Der Montag gehört meiner Freundin. Aber die darauffolgenden Tage können wir gerne mal Abends durchstarten. Das Wetter soll ja dann auch wieder gut werden.


----------



## enasnI (7. Mai 2006)

Daniel? Wie sieht es denn aus? Ist Dein Rennrad nun fahrbereit?


----------



## daniel77 (9. Mai 2006)

So, Rennrad ist einsatzbereit; hab aber nun doch was neueres noch günstig geschossen  . Meld dich einfach...


----------



## MTB-News.de




----------



## enasnI (10. Mai 2006)

Ich fahre morgen eine Runde Rennrad. Ich fahre diese Runde aber mit jemandem, der einen leichten Herzfehler hat und deswegen eher langsam unterwegs ist. Vielleicht nicht ganz Deine Vorstellung von einer guten Tour. Freitag würde für mich aber in Frage kommen. Wenn Du da Zeit hast, können wir gerne eine Tour fahren.


----------



## daniel77 (12. Mai 2006)

enasnI schrieb:
			
		

> Ich fahre morgen eine Runde Rennrad. Ich fahre diese Runde aber mit jemandem, der einen leichten Herzfehler hat und deswegen eher langsam unterwegs ist. Vielleicht nicht ganz Deine Vorstellung von einer guten Tour. Freitag würde für mich aber in Frage kommen. Wenn Du da Zeit hast, können wir gerne eine Tour fahren.

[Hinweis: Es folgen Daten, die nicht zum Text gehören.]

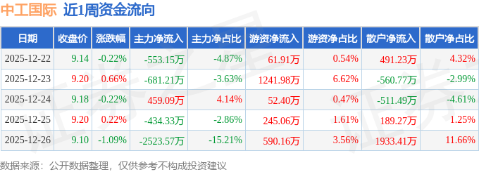 资金流向数据方面,本周中工国际主力资金合计净流出3733.17万元,游资资金合计净流入2191.52万元,散户资金合计净流入1541.65万元。本周资金流向一览见下表:
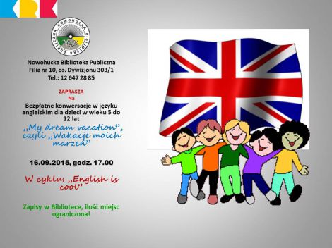 Biblioteka na zajęcia konwersacyjne w języku angielskim dla dzieci w wieku od 5 – 12 lat. „My dream vacation”, czyli „Wakacje moich marzeń”. Spotkanie odbywa się w cyklu: English is cool. Na pierwszym spotkaniu dzieci przypomną sobie słownictwo związane z wakacjami poprzez ćwiczenia językowe i zabawy edukacyjne.
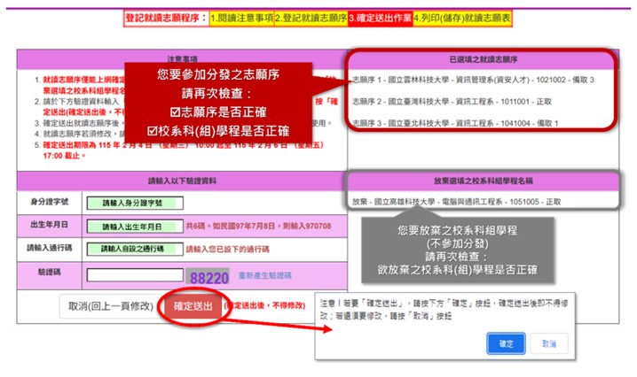 進入「確定送出作業」頁面後,請再次詳細閱讀注意事項。確認所選填的、放棄的志願序無誤後,即可輸入驗證資料並按下「確定送出」。如須修改請按「取消(回上一頁修改)」,可回上一步驟修改就讀志願序。
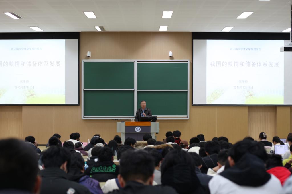 《食品产业导论》课程迎来一场聚焦国家粮食安全的高层次讲座。本次课程特邀国家粮食局原副局长、国务院政府特贴专家、中国科协粮食储运与质量安全领域战略咨询团队首席专家吴子丹教授,为学子们作题为“我国的粮情和储备体系发展”的专题报告。
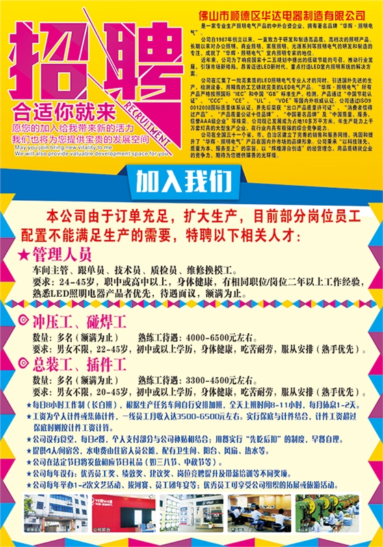 佛山市順德區(qū)華達電器制造有限公司是一家專業(yè)生產(chǎn)室內(nèi)LED照明燈具產(chǎn)品的大型企業(yè),成立于1987年,擁有品牌“華輝•照明電氣”。本公司主要生產(chǎn)LED面板燈、格柵燈盤、燈管支架、LED筒燈、LED射燈等等?,F(xiàn)由于擴大生產(chǎn),訂單充足,目前部分崗位員工配置不能滿足生產(chǎn)的需要,特聘以下相關(guān)人才:管理人員、沖壓工、碰焊工、總裝工、插件工等。
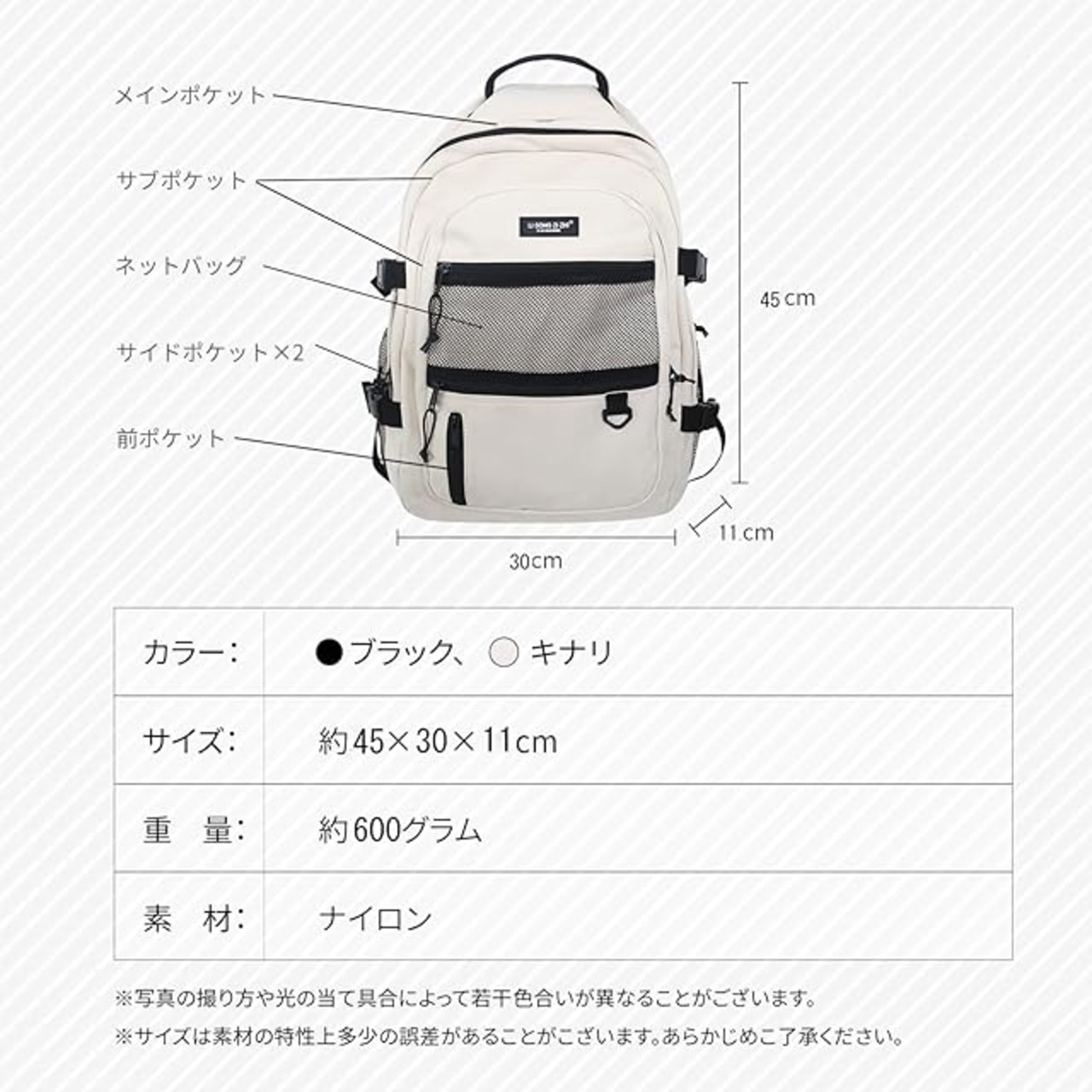 【耐久耐圧】表地:ナイロン 裏地:ナイロン 上質な素材を採用のりゅっく、防滴性・耐磨耗性に優れています。緻密な縫製で破れやすい箇所を補強し、バッグの耐久性をアップさせます。バックの背面部にはドランクに固定られるベルトがあり、長時間背負時に肩の負担を軽減します。
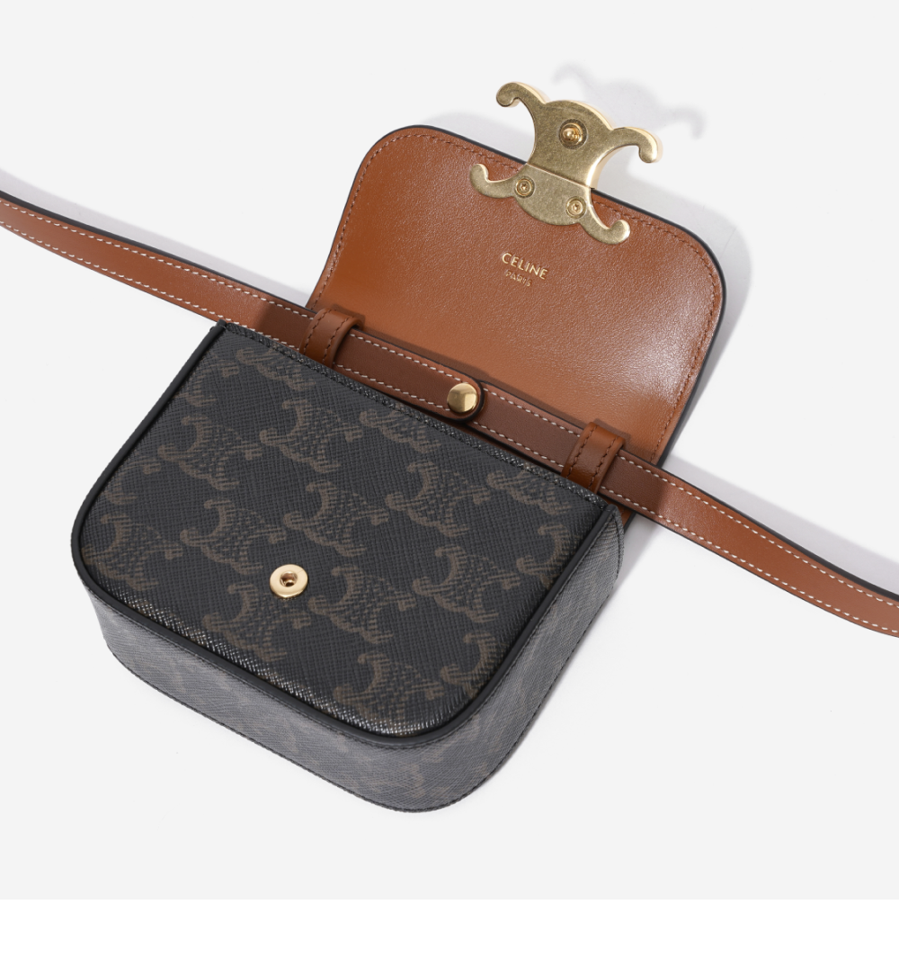 Celine Mini Claude in Triomphe Canvas Calfskin Tan
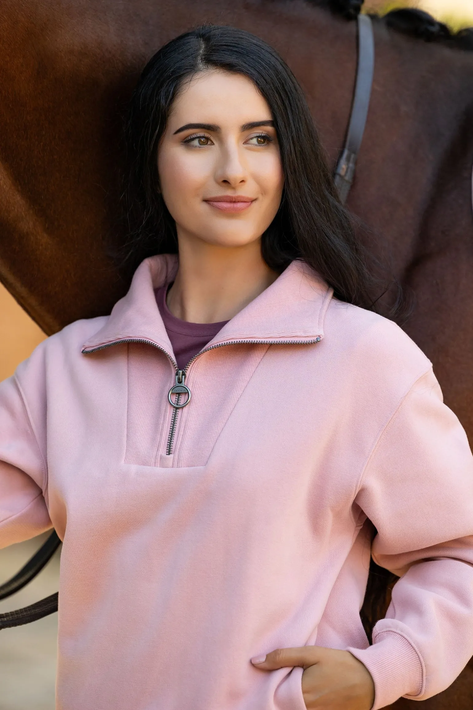 Der LeMieux Keira Quarter Neck Sweater vereint Komfort und Stil in einem entspannten Design.
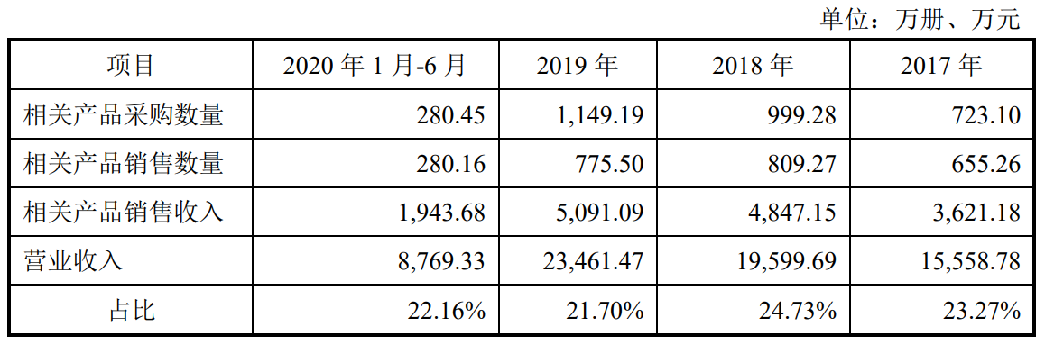 这一查华夏万卷发现,涉及的产品2017年至2020年上半年的营业收入分别达3621.18万元、4847.15万元、5091.09万元、1943.68万元,占总营业收入的比重分别为23.27%、24.73%、21.7%、22.16%。
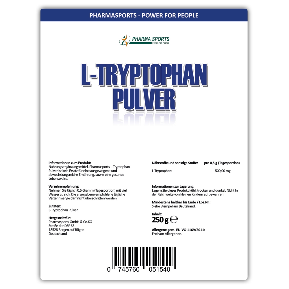 Pharmasports L-Tryptophan Pulver - Standbeutel á 250 Gramm. Pharmasports L-Tryptophan Pulver ist Ihre Quelle für hochwertiges L-Tryptophan Pulver in reiner Qualität, ganz ohne Zusätze wie Farb- oder Geschmacksstoffe. Rein pflanzliche Aminosäure L-Tryptophan, aus Fermentation gewonnen, hohe Bioverfügbarkeit, vegan, glutenfrei, gentechnikfrei, ohne Zusätze. Geliefert wird Pharmasports L-Tryptophan Pulver in einer lichtundurchlässigen, wiederverschließbaren Standbeutel mit einem Inhalt von 250 Gramm. Die Einnahme der täglichen Verzehrmenge von nur 0,5 Gramm erfolgt ganz einfach mit ausreichend Flüssigkeit wie Wasser oder Fruchtsaft.
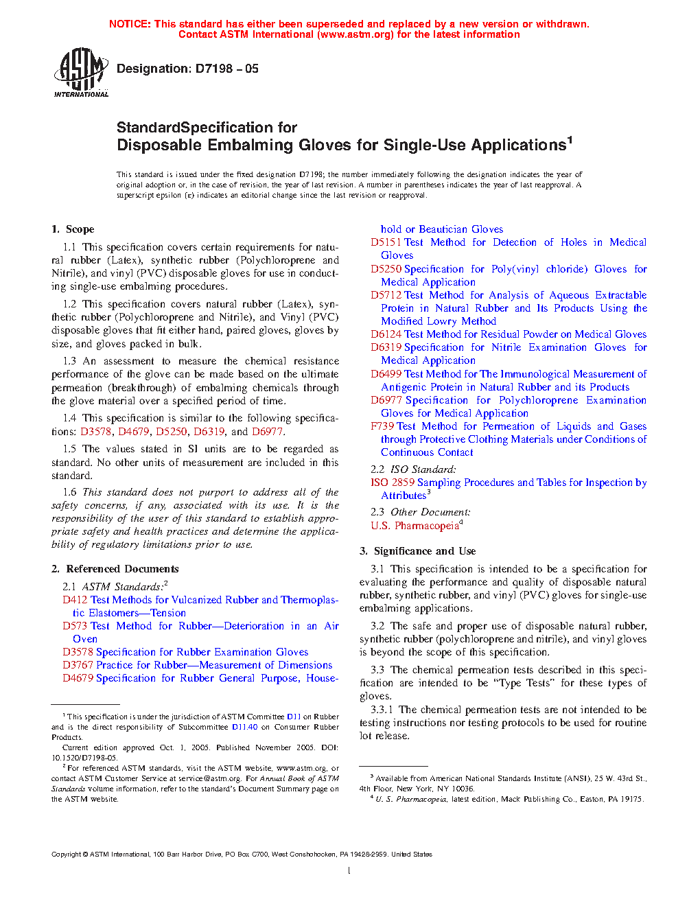 1.1 This specification covers certain requirements for natural rubber (Latex), synthetic rubber (Polychloroprene and Nitrile), and vinyl (PVC) disposable gloves for use in conducting single-use embalming procedures.
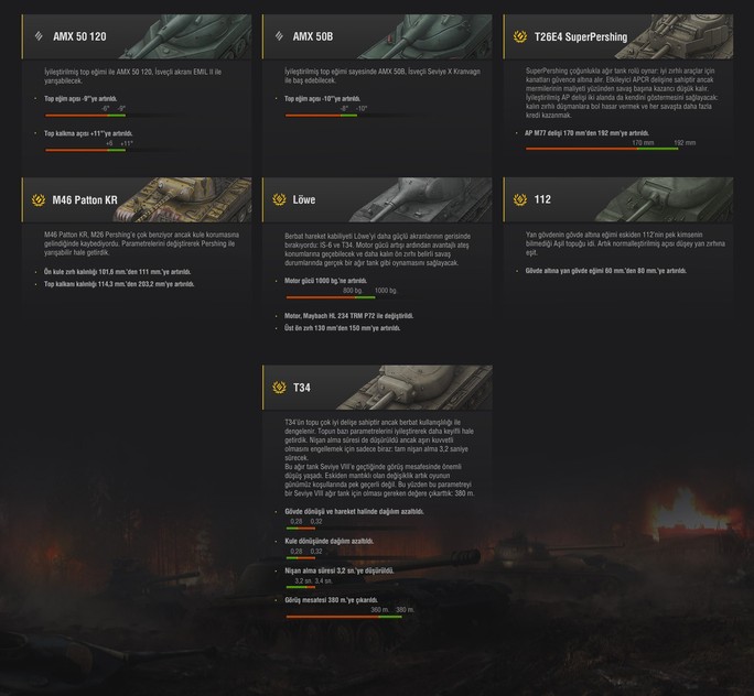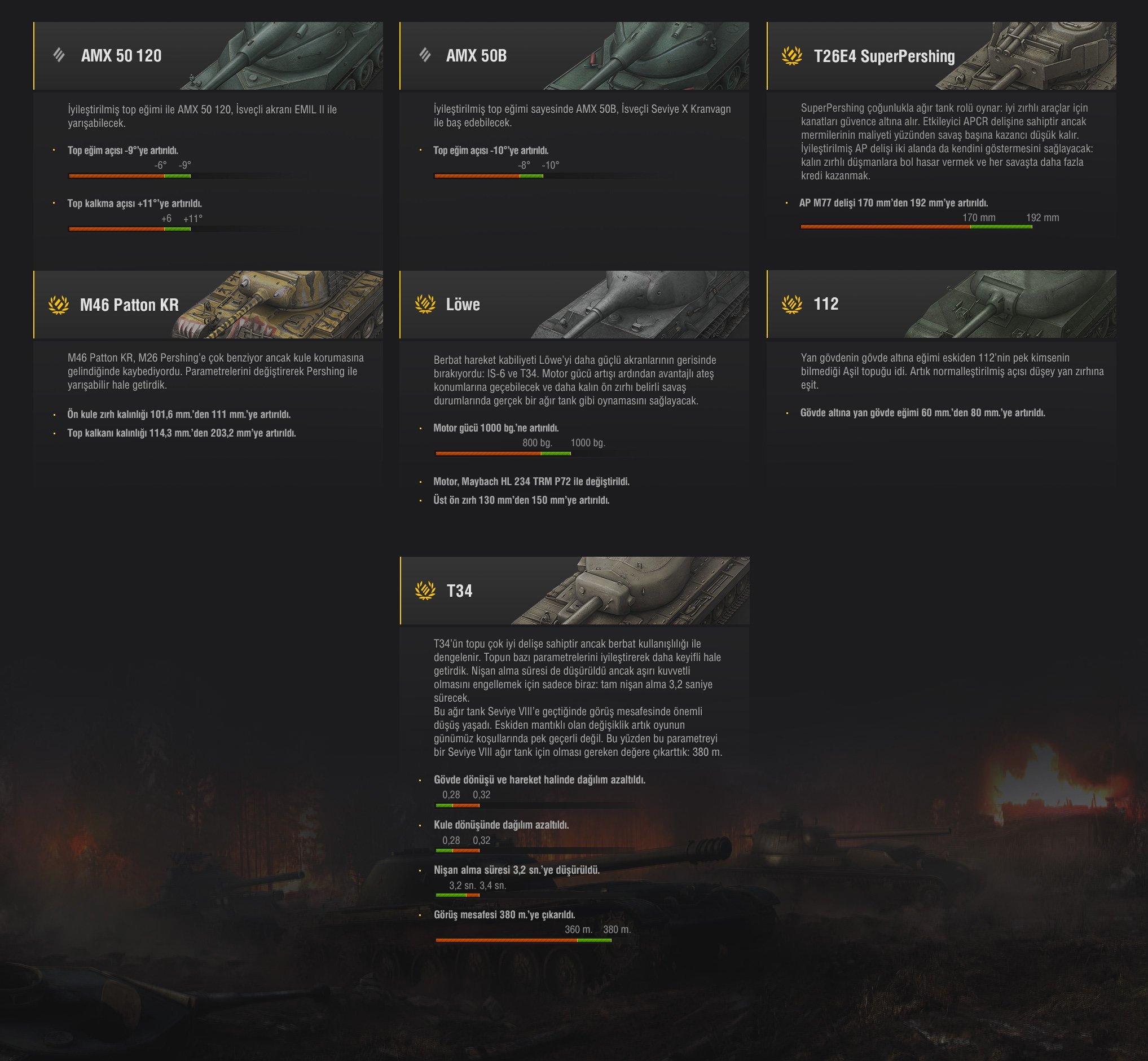 Löwe bir takviye daha aldı: daha güçlü bir motor ve daha kalın zırh. Ek olarak, geri bildiriminize dayanarak, 4 Premium aracın daha savaş parametrelerini iyileştirdik: Amerikan T34 ve T26E4 Super Pershing, M46 Patton KR, Çinli 112 ve iki Fransız ağır tank: АМХ 50В ve АМХ 50 120. Detaylı bilgiler için aşağıdaki görsele sol tıklayın:

Ich muss heute länger arbeiten, werde so ab 18.00Uhr fertig sein hätte aber eher Lust auf MTB; wie siehts am Samstag vormittag mit `ner Runde MTB aus? Fahre dann sowieso immer mit `nem Freund. Fährst Du den Marathon am 21.5.06 in Ronshausen mit?


----------



## enasnI (12. Mai 2006)

daniel77 schrieb:
			
		

> Ich muss heute länger arbeiten, werde so ab 18.00Uhr fertig sein hätte aber eher Lust auf MTB; wie siehts am Samstag vormittag mit `ner Runde MTB aus? Fahre dann sowieso immer mit `nem Freund. Fährst Du den Marathon am 21.5.06 in Ronshausen mit?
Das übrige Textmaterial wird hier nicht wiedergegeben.